Beneath this instruction is a listing. Transcribe from it only the stretch from the line with "ARTIST: Kelly ClarksonTITLE: Since" through the line with "The Power of", both end lines included, exactly as written.

• _Data for review_
━━━━━━━━━━━━━━━━━━━━

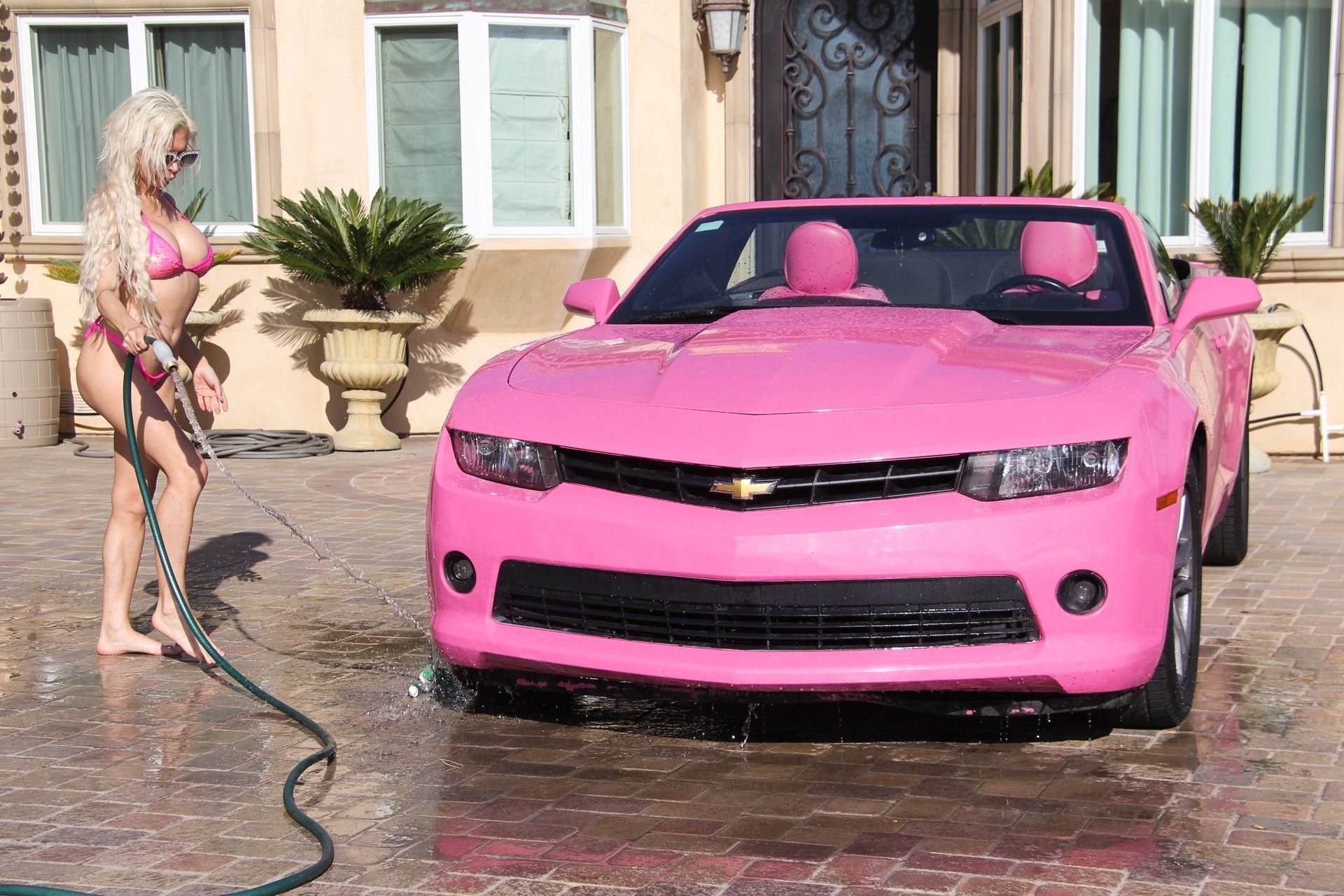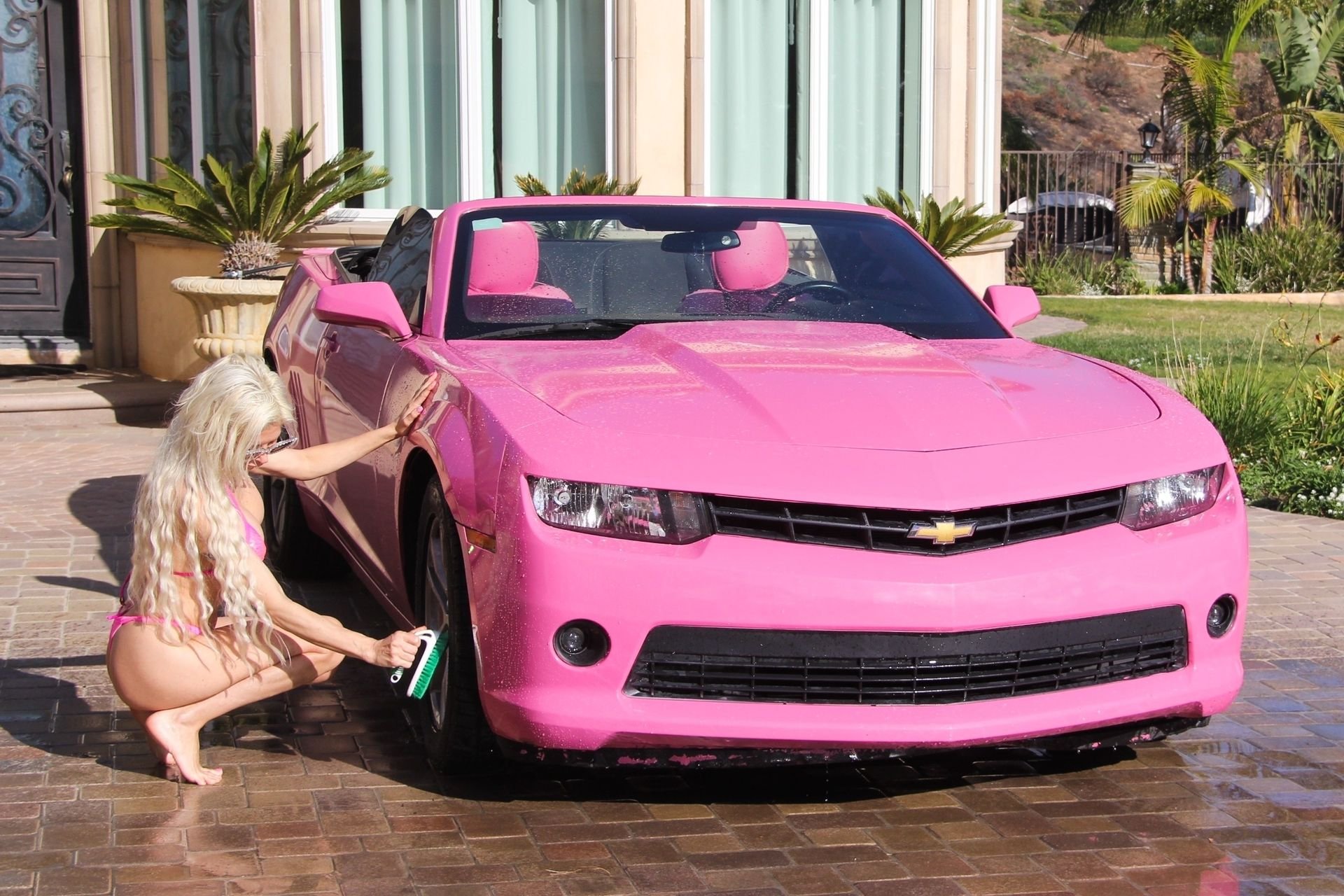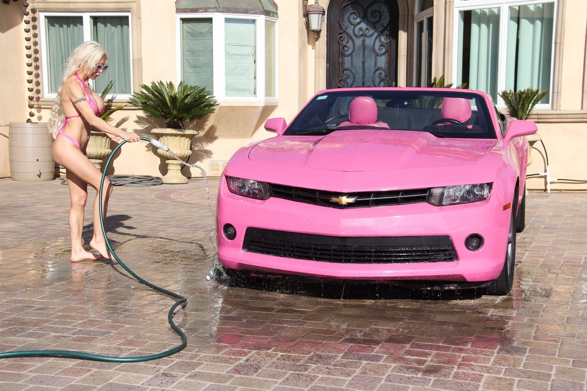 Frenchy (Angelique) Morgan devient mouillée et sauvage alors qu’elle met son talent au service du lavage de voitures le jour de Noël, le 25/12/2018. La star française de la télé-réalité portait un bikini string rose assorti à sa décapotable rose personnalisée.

━━━━━━━━━━━━━━━━━━━━

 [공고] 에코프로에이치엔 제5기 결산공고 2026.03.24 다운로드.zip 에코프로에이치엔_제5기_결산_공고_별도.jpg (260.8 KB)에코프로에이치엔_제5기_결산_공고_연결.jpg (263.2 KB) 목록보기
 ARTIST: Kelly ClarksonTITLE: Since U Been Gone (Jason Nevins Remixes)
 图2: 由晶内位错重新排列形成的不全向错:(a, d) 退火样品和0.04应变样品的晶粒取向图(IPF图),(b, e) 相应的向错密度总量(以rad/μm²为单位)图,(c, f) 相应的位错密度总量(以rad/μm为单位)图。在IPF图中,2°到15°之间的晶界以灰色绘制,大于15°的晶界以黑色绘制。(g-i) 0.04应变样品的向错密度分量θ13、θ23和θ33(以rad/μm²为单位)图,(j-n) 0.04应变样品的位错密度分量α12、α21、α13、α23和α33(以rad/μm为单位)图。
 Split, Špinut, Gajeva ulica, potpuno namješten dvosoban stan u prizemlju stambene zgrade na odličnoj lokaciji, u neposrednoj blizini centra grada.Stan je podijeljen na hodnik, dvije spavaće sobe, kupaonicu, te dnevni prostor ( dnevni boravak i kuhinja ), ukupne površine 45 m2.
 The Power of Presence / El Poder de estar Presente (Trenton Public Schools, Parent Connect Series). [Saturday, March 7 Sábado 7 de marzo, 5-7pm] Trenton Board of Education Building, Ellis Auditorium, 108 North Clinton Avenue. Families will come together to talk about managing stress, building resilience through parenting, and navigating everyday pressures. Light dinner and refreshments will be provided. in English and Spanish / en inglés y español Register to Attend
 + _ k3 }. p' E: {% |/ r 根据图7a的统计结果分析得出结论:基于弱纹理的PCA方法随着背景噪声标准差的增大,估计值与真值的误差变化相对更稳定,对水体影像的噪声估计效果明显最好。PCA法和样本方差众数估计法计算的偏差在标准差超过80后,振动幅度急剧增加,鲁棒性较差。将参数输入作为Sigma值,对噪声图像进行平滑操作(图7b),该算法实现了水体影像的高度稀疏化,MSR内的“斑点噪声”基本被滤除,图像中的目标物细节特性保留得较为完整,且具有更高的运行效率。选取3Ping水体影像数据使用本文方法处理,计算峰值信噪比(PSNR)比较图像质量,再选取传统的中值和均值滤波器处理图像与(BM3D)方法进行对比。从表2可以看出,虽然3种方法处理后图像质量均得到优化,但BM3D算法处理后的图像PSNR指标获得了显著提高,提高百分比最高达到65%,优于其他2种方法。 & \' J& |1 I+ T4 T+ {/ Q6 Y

━━━━━━━━━━━━━━━━━━━━

• _Response area_
 ARTIST: Kelly ClarksonTITLE: Since U Been Gone (Jason Nevins Remixes)
 图2: 由晶内位错重新排列形成的不全向错:(a, d) 退火样品和0.04应变样品的晶粒取向图(IPF图),(b, e) 相应的向错密度总量(以rad/μm²为单位)图,(c, f) 相应的位错密度总量(以rad/μm为单位)图。在IPF图中,2°到15°之间的晶界以灰色绘制,大于15°的晶界以黑色绘制。(g-i) 0.04应变样品的向错密度分量θ13、θ23和θ33(以rad/μm²为单位)图,(j-n) 0.04应变样品的位错密度分量α12、α21、α13、α23和α33(以rad/μm为单位)图。
 Split, Špinut, Gajeva ulica, potpuno namješten dvosoban stan u prizemlju stambene zgrade na odličnoj lokaciji, u neposrednoj blizini centra grada.Stan je podijeljen na hodnik, dvije spavaće sobe, kupaonicu, te dnevni prostor ( dnevni boravak i kuhinja ), ukupne površine 45 m2.
 The Power of Presence / El Poder de estar Presente (Trenton Public Schools, Parent Connect Series). [Saturday, March 7 Sábado 7 de marzo, 5-7pm] Trenton Board of Education Building, Ellis Auditorium, 108 North Clinton Avenue. Families will come together to talk about managing stress, building resilience through parenting, and navigating everyday pressures. Light dinner and refreshments will be provided. in English and Spanish / en inglés y español Register to Attend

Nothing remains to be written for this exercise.